• Information supplied:

Content starts

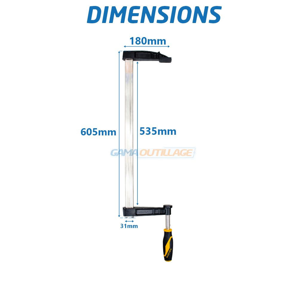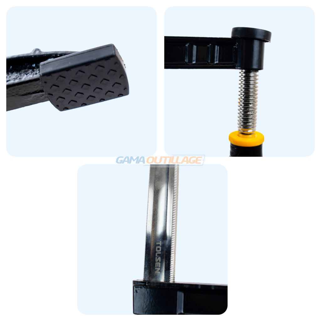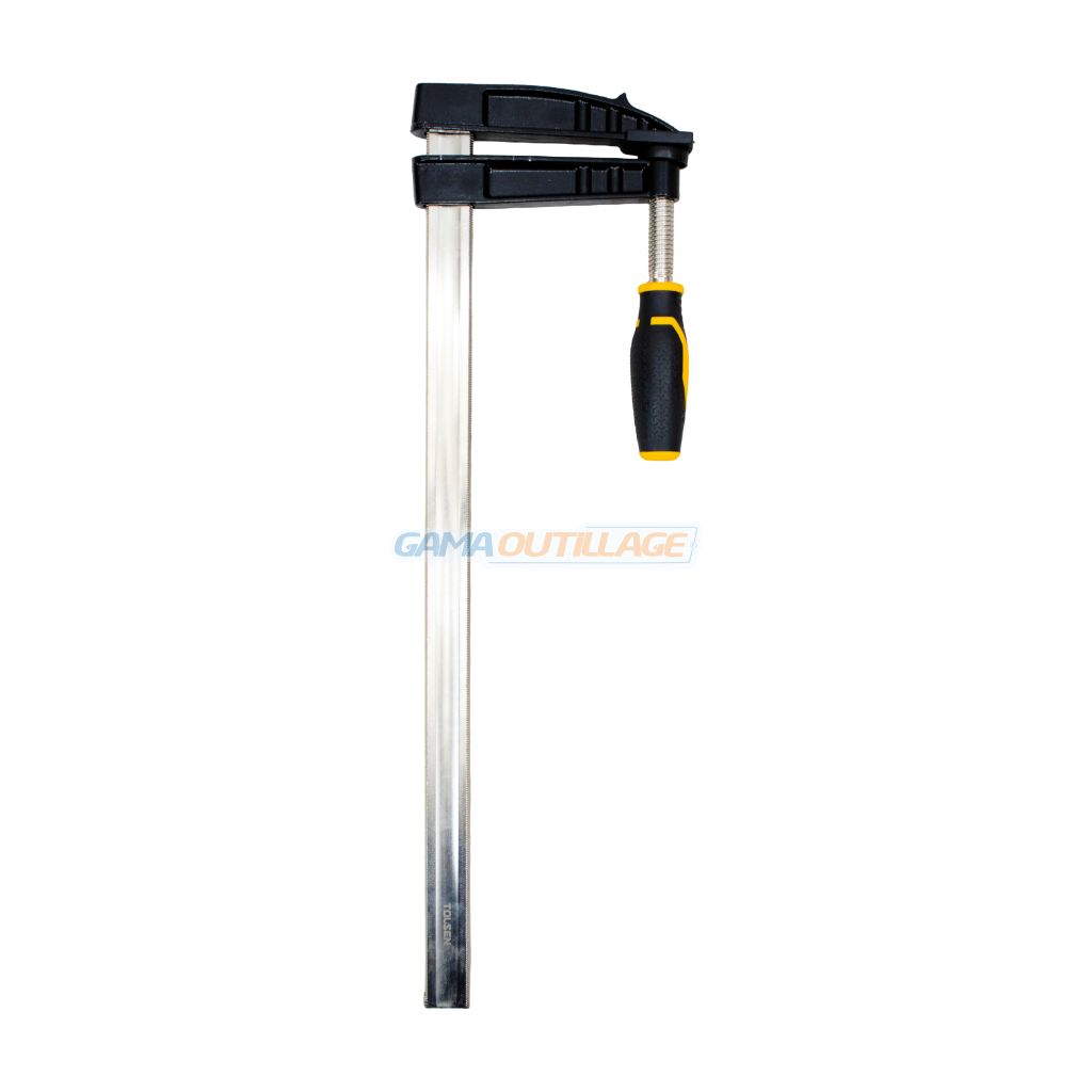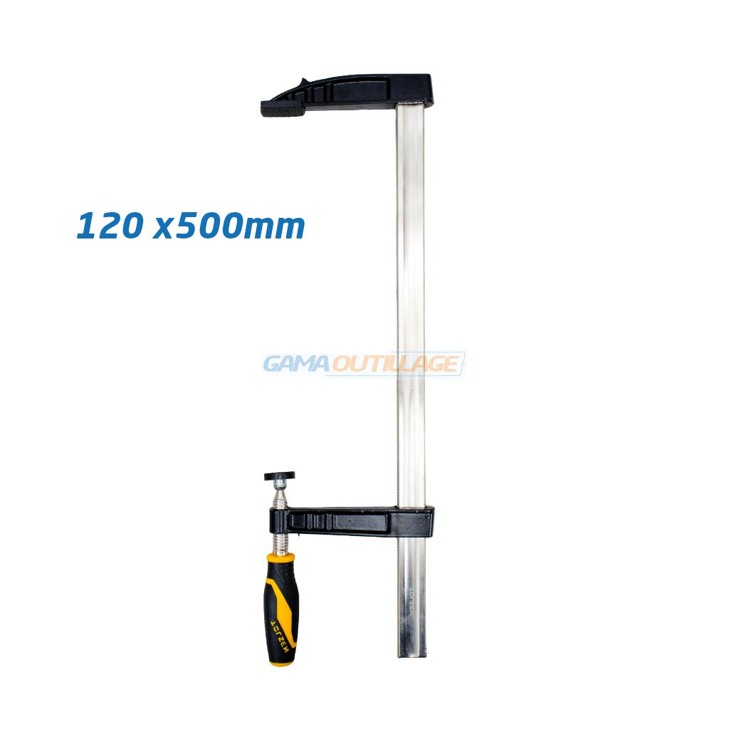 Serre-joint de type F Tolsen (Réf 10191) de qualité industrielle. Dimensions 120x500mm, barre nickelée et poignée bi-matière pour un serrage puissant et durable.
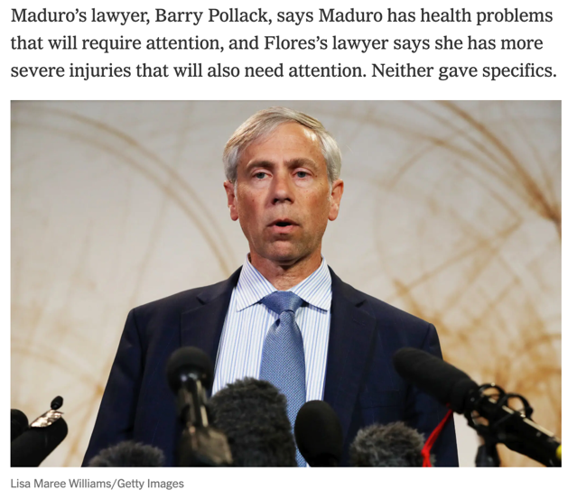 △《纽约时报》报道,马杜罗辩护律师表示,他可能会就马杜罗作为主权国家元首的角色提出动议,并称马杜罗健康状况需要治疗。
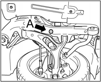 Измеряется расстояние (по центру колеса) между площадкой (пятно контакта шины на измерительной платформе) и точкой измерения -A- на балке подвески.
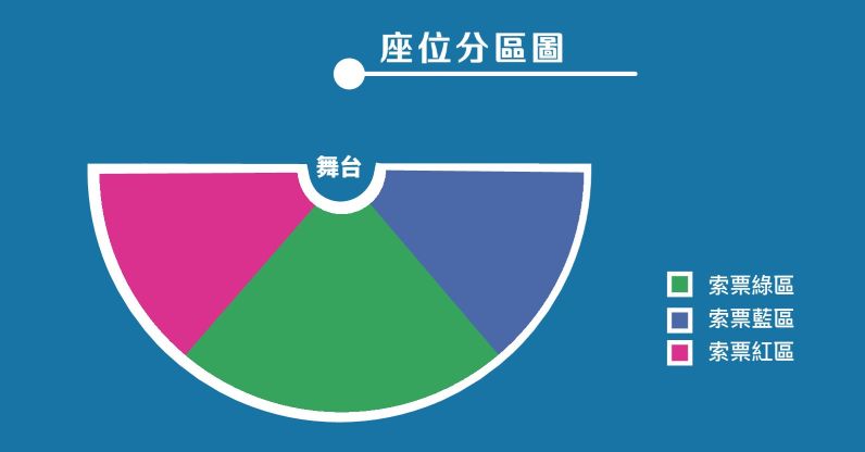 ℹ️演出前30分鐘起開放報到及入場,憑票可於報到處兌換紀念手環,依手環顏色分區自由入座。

Content ends

Write the lines from the line containing "Измеряется расстояние (по" through the last line of the data out again exactly, and only those lines; pictures stay out.

 Измеряется расстояние (по центру колеса) между площадкой (пятно контакта шины на измерительной платформе) и точкой измерения -A- на балке подвески.
 ℹ️演出前30分鐘起開放報到及入場,憑票可於報到處兌換紀念手環,依手環顏色分區自由入座。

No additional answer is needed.